(3/4h-1/2g)+(7/8h-3/4g)
To simplify the expression, we need to combine like terms.
(3/4h - 1/2g) + (7/8h - 3/4g)
First, let's combine the terms with h:
(3/4h + 7/8h) - (1/2g + 3/4g)
To add the fractions with h, we need a common denominator, which is 8. So we multiply the fractions with h by 2/2:
(3/4 * 2/2)h + (7/8h) - (1/2g + 3/4g)
(6/8h + 7/8h) - (1/2g + 3/4g)
Adding the fractions with h:
(13/8h) - (1/2g + 3/4g)
Now, we can combine the terms with g:
(13/8h) - (1/2g + 3/4g)
To add the fractions with g, we need a common denominator, which is 4. So we multiply the fractions with g by 2/2:
(13/8h) - (1/2 * 2/2g + 3/4g)
(13/8h) - (2/4g + 3/4g)
(13/8h) - (5/4g)
Now, we can't directly subtract fractions with different denominators. We need to find a common denominator, which is 8. So we multiply the fractions by 2/2 and 4/4 respectively:
(13/8h) - (5/4 * 2/2g)
(13/8h) - (10/8g)
We now have a common denominator, so we can combine the fractions:
(13h - 10g)/8
Simplify
I apologize for the confusion earlier. Let's simplify the expression further.

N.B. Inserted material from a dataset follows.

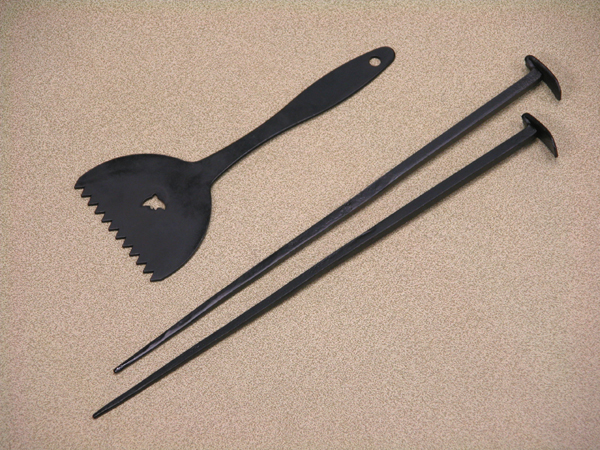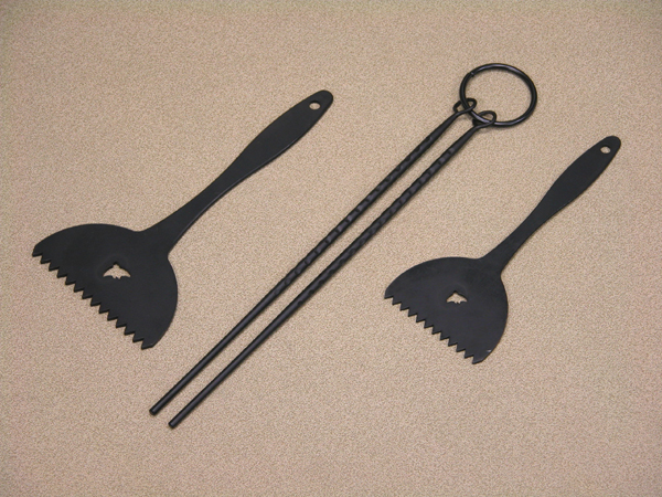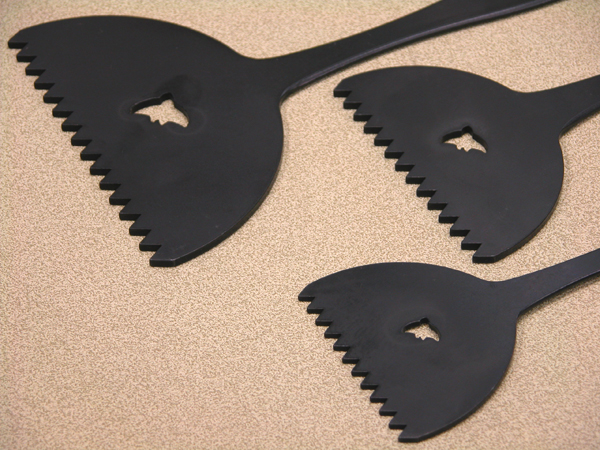 鉄板を切り抜いたシンプルな灰ならしで、大・中・小で波形の大きも異なります。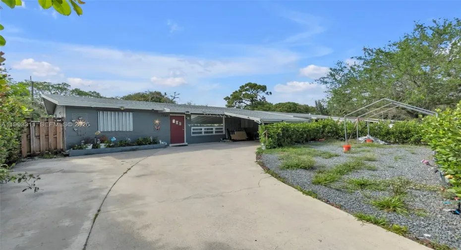 Charming 3-bedroom, 2-bath home with a functional split floor plan, carport, and spacious driveway! This well-maintained property features a brand-new roof, new water heater, and approximately 7-year-old AC for added peace of mind. Interior highlights include tile flooring throughout with terrazzo in the bedrooms, a spacious family room, and stainless steel appliances including refrigerator, stove, and dishwasher. The home is equipped with full hurricane shutters and a newly installed electrical service line from FPL. Enjoy outdoor space with a powered shed in the backyard—perfect for storage or a workshop. Great opportunity offering comfort, value, and versatility!

(3/4h - 1/2g) + (7/8h - 3/4g)
To get a common denominator for the fractions, we need to find the least common multiple of 4 and 8, which is 8.
So, let's rewrite the fractions with a common denominator:
(3/4 * 2/2h - 1/2 * 4/4g) + (7/8 * 1/1h - 3/4 * 2/2g)
Simplifying,
(6/8h - 4/8g) + (7/8h - 6/8g)
Now, we can add the like terms:
(6/8h + 7/8h) + (-4/8g - 6/8g)
((6 + 7)/8h) + ((-4 - 6)/8g)
(13/8h) + (-10/8g)
Finally, we can simplify the expression:
(13h - 10g)/8
To simplify the expression (3/4h - 1/2g) + (7/8h - 3/4g), we can combine like terms.
First, let's simplify the h terms:
3/4h + 7/8h can be combined by finding a common denominator, which is 8.
To do this, we need to multiply the numerator and denominator of 3/4h by 2, and multiply the numerator and denominator of 7/8h by 1.
So, we have (3/4)*(2/2)h + (7/8)*(1/1)h, which simplifies to (6/8h) + (7/8h).
Next, let's simplify the g terms:
-1/2g - 3/4g can be combined by finding a common denominator, which is 4.
To do this, we need to multiply the numerator and denominator of -1/2g by 2, and multiply the numerator and denominator of -3/4g by 1.
So, we have (-1/2)*(2/2)g + (-3/4)*(1/1)g, which simplifies to (-2/4g) + (-3/4g).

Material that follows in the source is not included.